Yeşil Yıldız Bağımlıklarla Mücadele Derneği Başkanı Yahya Öger, Dünya Sağlık Örgütü (DSÖ)’nün, bilgisayar oyunu bağımlılığını resmen akıl hastalığı olarak tanımladığını hatırlatarak, oyun oynamak ile oyun bağımlısı olmak arasındaki 3 büyük fark olduğunu söyledi.
“OYUN BAĞIMLILIĞI RESMEN RUHSAL BİR SAĞLIK PROBLEMİDİR”
DSÖ’nün teknoloji bağımlılığı alanında uzman isimlerinin 29 Kasım-1 Aralık 2017’de Yeşilay ev sahipliğinde bir araya geldiğini hatırlatan Öger, “Online oyun ve online kumar bağımlılığı üzerine hastalık, önleme, koruma, tedavi, rehabilitasyona dair tüm konular konuşuldu. DSÖ hastalık sınıflandırmalarını kararlaştıracağı ICD-11 (Uluslararası Hastalık Sınıflandırmaları) için ciddi hazırlıklar yapıldı. Bu kapsamda Haziran ayında gerçekleştirilen ICD-11’de online oyun ve kumar bağımlılığı resmen bir ruhsal sağlık problemi olarak tanımlandı. Toplantıya 20’nin üzerinde uzman katıldı” diye konuştu.
Öger, DSÖ’ye göre teknoloji bağımlılığının 3 belirtisinin bulunduğunu ve bu belirtilerin ilkinin oyun davranışının diğer sosyal aktivitelerin önüne geçmesi olduğuna dikkati çekerek, “İkincisi bu davranışın önlenememesi. Üçüncüsü de kişinin belirli bir şekilde strese girmesi, kişisel, sosyal ve eğitimsel alanlarına vakit ayıramamasıdır. Sonuçta kişi uykusuzluk, beslenme problemleri ve fiziksel rahatsızlıklar yaşıyor. Bu davranışın bağımlılık olarak kabul edilebilmesi için en az 12 ay sürmesi gerekiyor.” ifadelerini kullandı.
TEKNOLOJİ ÇOCUKLARI SUSTURMA ARACI DEĞİLDİR
Öger, şöyle dedi:
“Maalesef ki çocuklarımız ile baş edemediğimiz durumlarda, çok yorulduğumuz zamanlarda, çocuklarımız çok hareketli olduğu durumlarda, arkadaşlarımız ile dışarı çıktığımız, rahat sohbet etmek istediğimiz zamanlarda, çocuğumuz ağladığında susturmak istediğimizde, ısrar edip tutturduğu zamanlarda… (ne kadar çok sebebimiz, kullandığımız alan var değil mi?) ekranı eline veriyor ve sakinleşmesini, susmasını, durmasını, bir an bile olsa kafamızı dinlemeyi istiyoruz.
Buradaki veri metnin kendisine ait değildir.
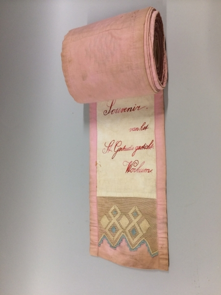Drieëntachtig aan elkaar genaaide proefstukken in verschillende technieken, gevoerd met roze katoensatijn
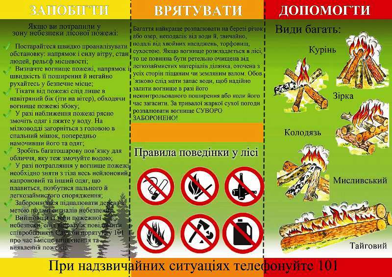 – не розводьте багать у лісі, окрім призначених для вогнищ місць;
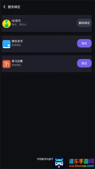 2、点击账号服务绑定,进入绑定详情界面
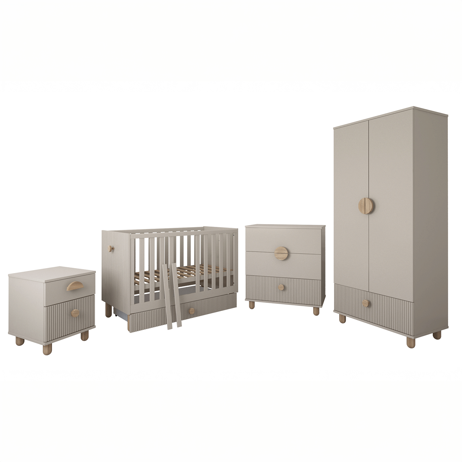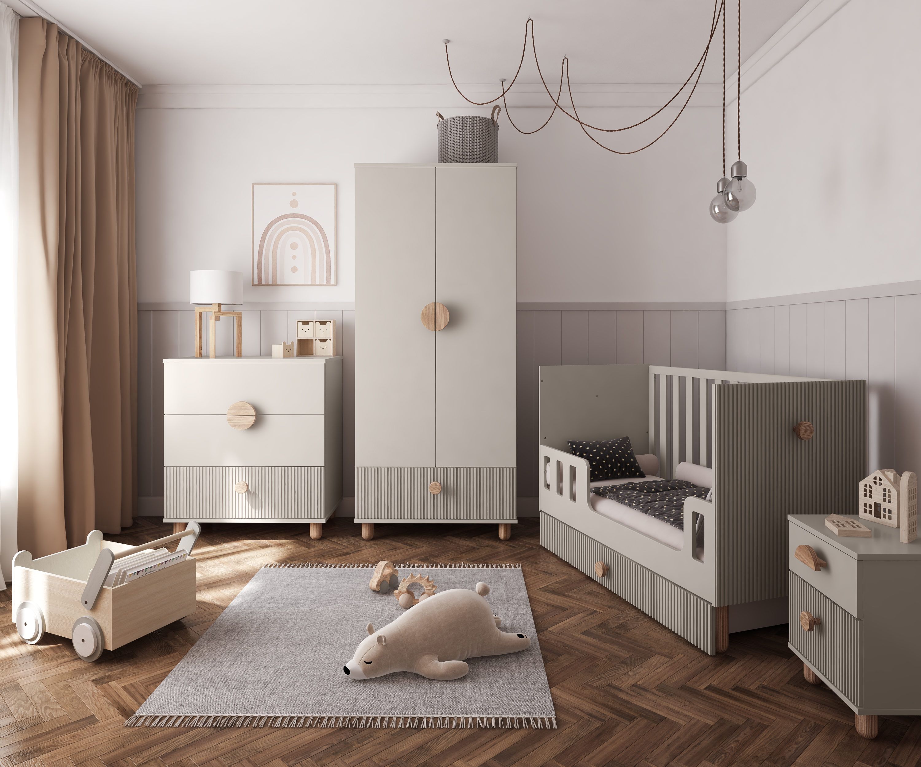 Stwórz spójną, funkcjonalną i piękną aranżację, łącząc łóżeczko z innymi meblami z kolekcji Cozy LOFT – komodą, szafą, regałem, biurkiem i szafką nocną. Razem tworzą przytulną przestrzeń, która rośnie wraz z Twoim dzieckiem.
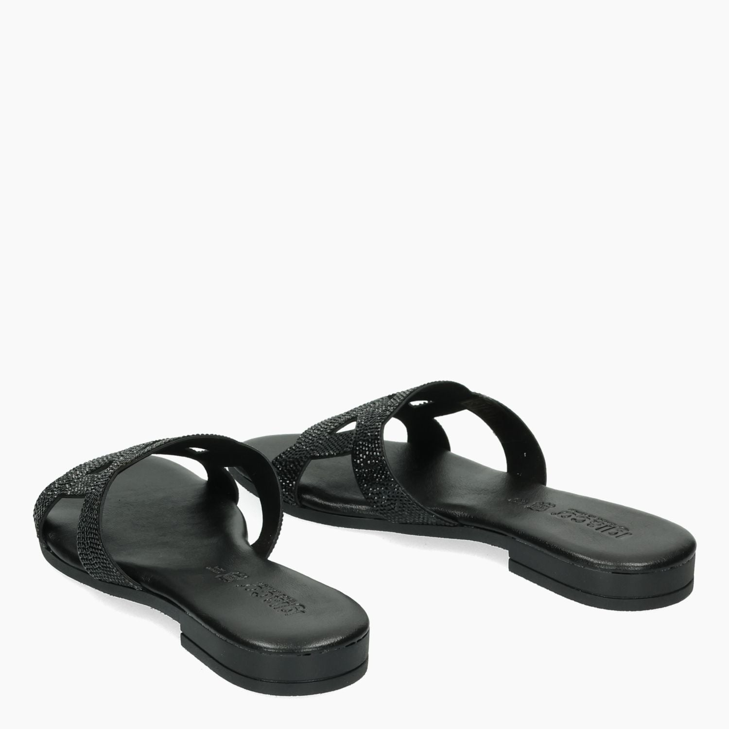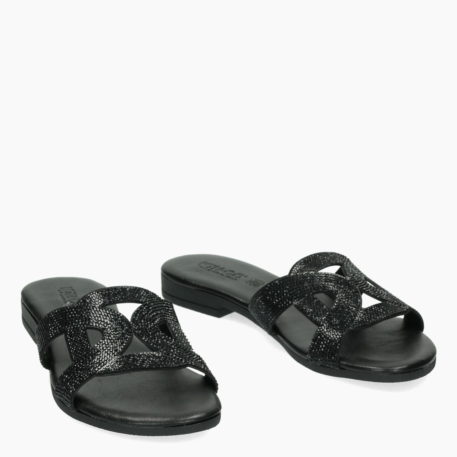 Ciabatta con tomaia full strass neri. Interno in pelle e tessuto con sottopiede imbottito. Suola in gomma con tacco di 2 cm. Collezione Igi&Co donna Primavera/Estate.
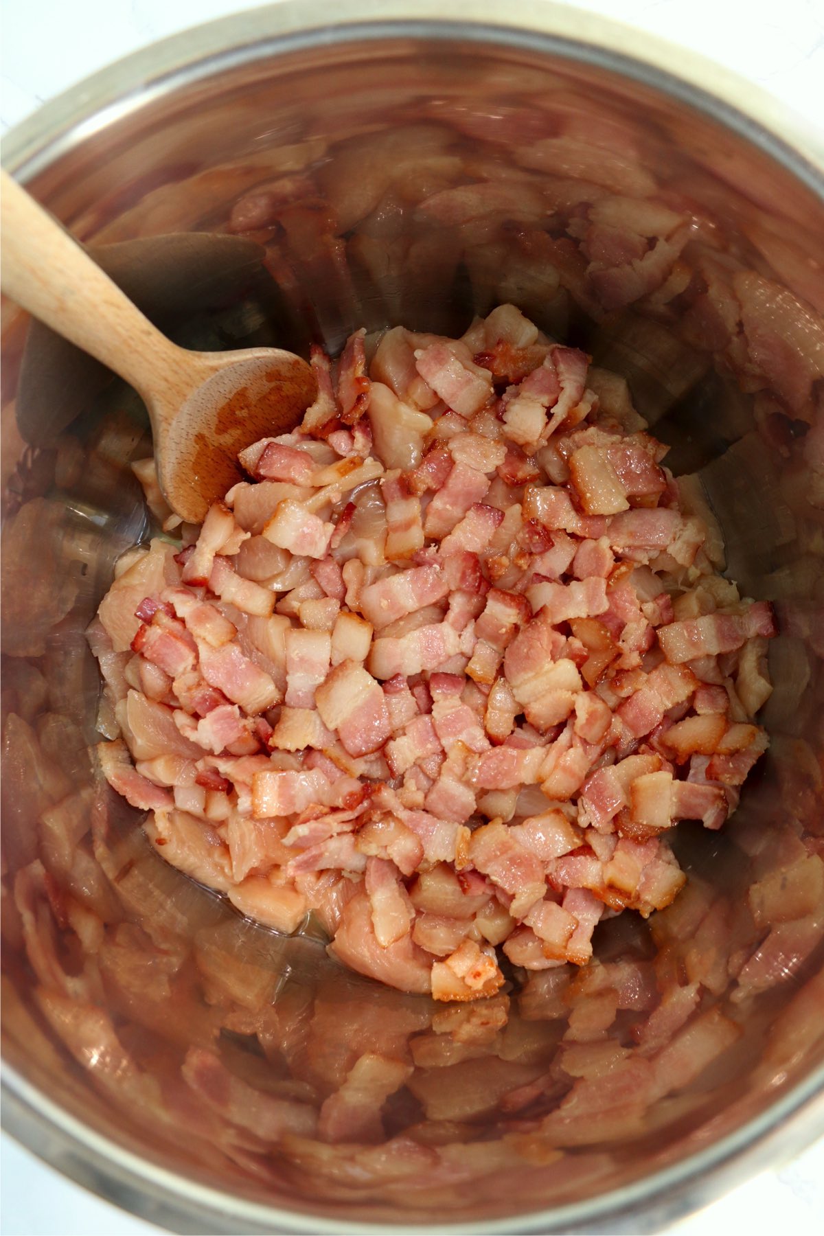 Step 2: Add chicken and 1 1/2 cups bacon. SAUTE for 5 minutes.
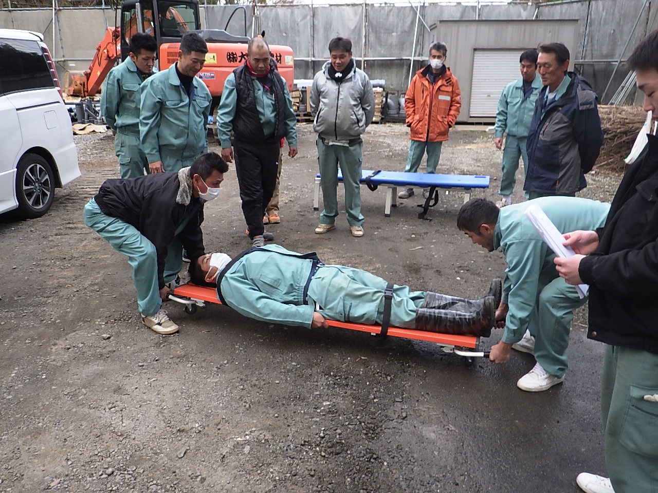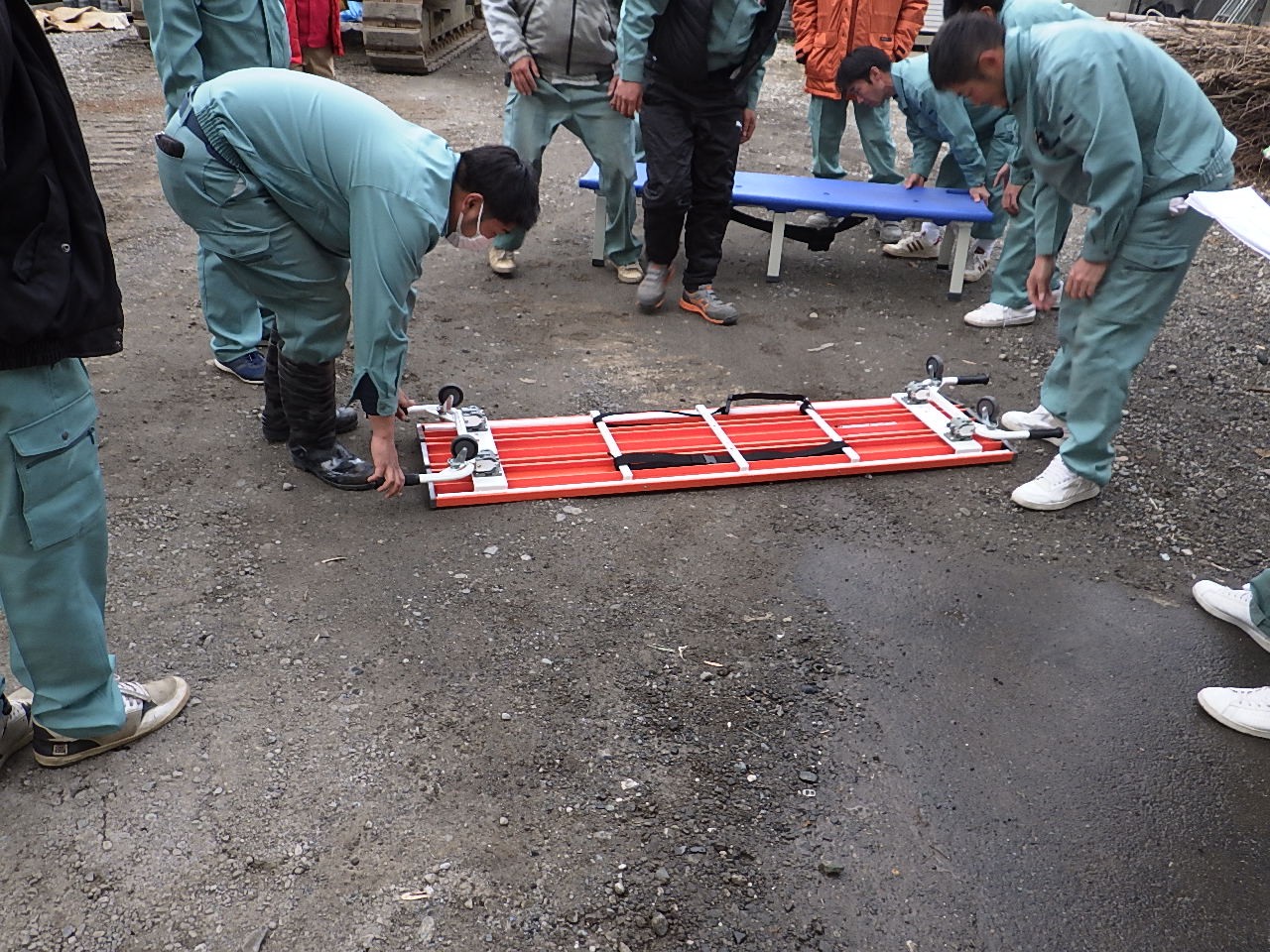 急病人や負傷者発生などの緊急事態に活躍するベンチの使い方を学びました。
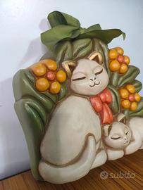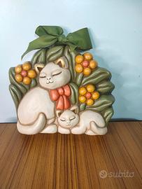 Graziosa formella in ceramica smaltata di Thun, raffigurante due teneri gatti bianchi accoccolati tra vivaci fiori arancioni e gialli su un letto di foglie verdi. Il gatto più grande indossa un elegante fiocco rosso al collo, mentre un allegro fiocco verde decora la parte superiore della composizione.
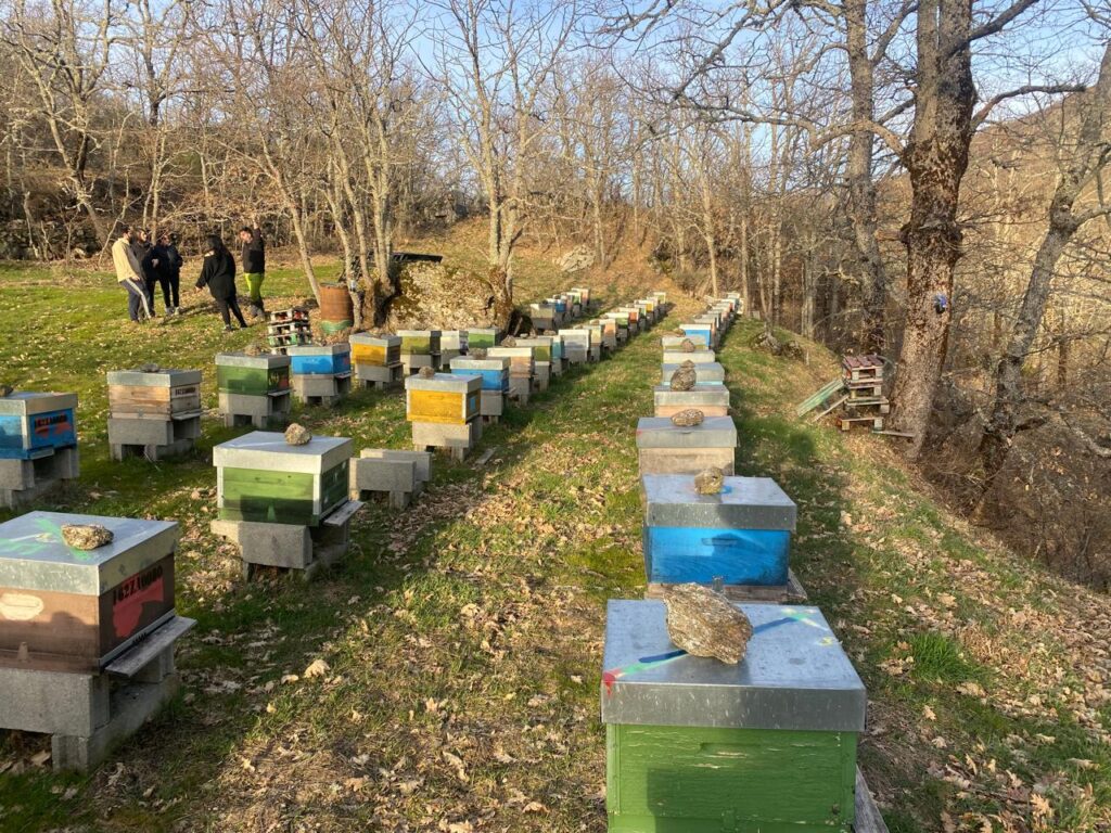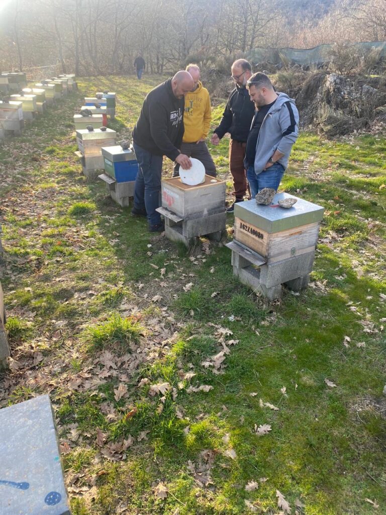 Para cerrar la visita, varios de los invitados pudieron recorrer algunos apiarios, donde se pudo observar el ordenamiento de los mismos y un gran movimiento de abejas, por los primeros días de sol a fines del invierno español.

Sınırsız bir dünyanın içerisine çocuğumuzun yalnız başına dolaşmasına, kendini kandırarak hep bir sakinleştirici araca bağımlı olarak kendini sakinleştirebileceğini öğretiyoruz.”
“TATİL DEMEK SINIRSIZ TEKNOLOJİ KULLANMAK DEMEK DEĞİLDİR!”
Tatilin sınırsız teknoloji kullanmak anlamına gelmediğine işaret eden Öger, “Çocukların ebeveynlerinden en büyük istekleri tatil boyunca istedikleri kadar televizyon izlemek veya bilgisayar oynamak olabilir. Fakat unutulmamalıdır ki bunların kısıtlanması çocuğun okul dönemi ile ilgili değil, genel gelişim ve dikkati için gereklidir. Bu nedenle de televizyon ve bilgisayar sürelerine aşırıya kaçmadan kontrol altında devam ettirilmelidir.” dedi.
“ÇOCUKLAR BU TATİLDE BAĞIMLI DEĞİL SOSYAL OLSUNLAR”
Öger, Çocukların beş duyuya hitap eden oyunlar oynaması gerektiğini belirterek, “Çocukların dünyayı ve çevreyi en iyi tanımalarının yolu beş duyularını da kullanarak yaptıkları etkinliklerdir. Eski zamanlardan beri bu oyunların en zengin kaynağı “sokak ”tır. Sokakta oynanan oyunlar yaratıcılığı, problem çözme becerisini, sosyal ilişkileri geliştirir. Bunu deneyimlemesi için çocuğunuza imkân yaratmaya çalışın. Sitenizin bahçesi, anneannesinin meyve bahçeli evi veya onun arkadaşlarını da gezimize katalım sosyal ortamlara katılmasını teşvik edelim.” diye konuştu.